Ferny Grove – Queensland 2024

ALP 11.0%

Incumbent MP
Mark Furner, since 2015.

Geography
South-East Queensland. Ferny Grove covers northern parts of the City of Brisbane and southern parts of Moreton Bay LGA, on the northwestern fringe of Brisbane. The seat covers the suburbs of Ferny Grove, Ferny Hills, Arana Hills, Enoggera, Upper Kedron and parts of Keperra, Gaythorne and Alderley.

History
Ferny Grove has existed since 1992, and has been won by Labor at every election except 2012.

It was first won in 1992 by Glen Milliner, who had held the neighbouring seat of Everton since 1977. He became a minister in the Goss government in 1989. He continued to serve as a minister until the government lost power in 1996, and he retired from Parliament in 1998.

Ferny Grove was won in 1998 by Geoff Wilson. Wilson held Ferny Grove for five terms, and served as a minister from 2004 to 2012.

In 2012, Wilson was defeated by LNP candidate Dale Shuttleworth. Shuttleworth held the seat for one term, losing in 2015 to Labor’s Mark Furner. Furner was re-elected in 2017.

Candidates

Assessment
Ferny Grove is a safe Labor seat.

2020 result

Candidate Party Votes % Swing
Mark Furner Labor 14,577 45.1 +4.6
Chris Lehmann Liberal National 10,714 33.1 -6.9
Joel Colls Greens 4,910 15.2 -0.3
Elton Williams One Nation 956 3.0 +3.0
Susan Pini Informed Medical Options 510 1.6 +1.6
Mark Scofield Independent 467 1.4 +1.4
John Mccabe United Australia 191 0.6 +0.6
Informal 870 2.6

2020 two-party-preferred result

Candidate Party Votes % Swing
Mark Furner Labor 19,710 61.0 +6.3
Chris Lehmann Liberal National 12,615 39.0 -6.3

Booth breakdown

Booths in Ferny Grove have been divided into three areas: east, south and west.

Labor won a majority of the two-party-preferred vote in all three areas, ranging from 15.4% in the west to 22.9% in the east.

The Greens came third, with a primary vote ranging from 15.4% in the west to 22.9% in the east.

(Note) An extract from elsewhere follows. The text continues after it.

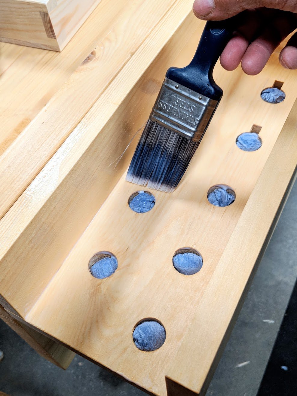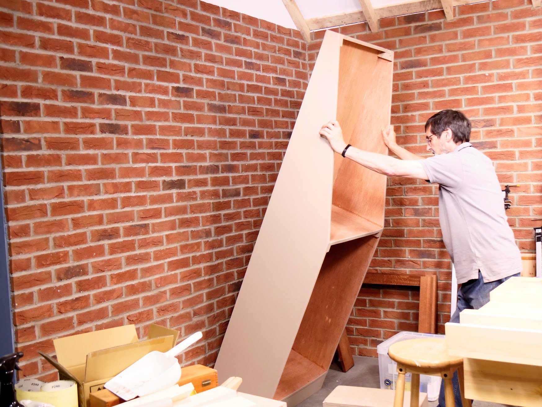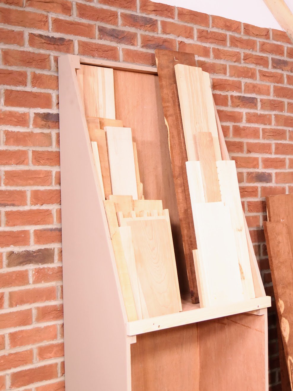 I cut down one of my old plywood storage cupboards from the castle to make one part of my planned triple-unit wood storage. It would have been quicker from scratch with fresh plywood sheets but I couldn't stand the waste. This one is to tier for shorter stock and offcuts and will stand at the end of my garage.

Voter group GRN prim % ALP 2PP % Total votes % of votes
West 15.4 62.2 3,603 11.1
Central 17.7 63.1 3,012 9.3
East 22.9 62.2 2,089 6.5
Other votes 13.9 60.8 12,716 39.3
Pre-poll 14.4 60.0 10,905 33.7

Election results in Ferny Grove at the 2020 Queensland state election
Toggle between two-party-preferred votes and primary votes for Labor, the Liberal National Party and the Greens.

Become a Patron!

29 COMMENTS

  1. I seem to recall Savanh was the leader of the Young LNP back when Barclay McGain was publicly disgracing himself. Can’t see the LNP overcoming a 10% margin here unless it’s a truly catastrophic election for Labor.

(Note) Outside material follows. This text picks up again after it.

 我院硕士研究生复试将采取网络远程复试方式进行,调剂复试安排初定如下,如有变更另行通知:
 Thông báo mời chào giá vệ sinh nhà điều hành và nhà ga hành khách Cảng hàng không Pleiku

  2. Labor had a very bad result Brisbane City council election result at the Gap. They failed to even finish in the two party preferred vote. How much relevant is to this seat is hard to say. Mark Furner has built up a good buffer, but you would say on current polling this seat is probably vulnerable to the LNP. The Greens may get a spike to their vote here too, but reaching the two party preferred vote is out of the question.

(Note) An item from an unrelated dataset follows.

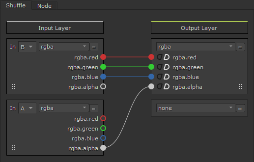 A slightly more complex Shuffle from two images might be replacing the B input's alpha channel with the A input's alpha channel.

  3. @ John This is the most middle class part of Ryan and the weakest part for the Greens. Even in Ryan, Labor out-polled the Greens in this part.

  4. Halfway decent chance it flips I suppose but much like Stafford, Labor doesn’t have the tiniest chance of retaining government if they can’t win ferny grove relatively easily anyway.

  5. @ Nether Portal
    I agree that Moggill that is weaker for the Greens but the difference compared to Ferny Grove is that it extremely weak for Labor more so than the Greens. So the Greens easily outpoll Labor in Mogill part of Ryan. I am interested to see if the Greens make the 2CP in the State electorate of Mogill in October.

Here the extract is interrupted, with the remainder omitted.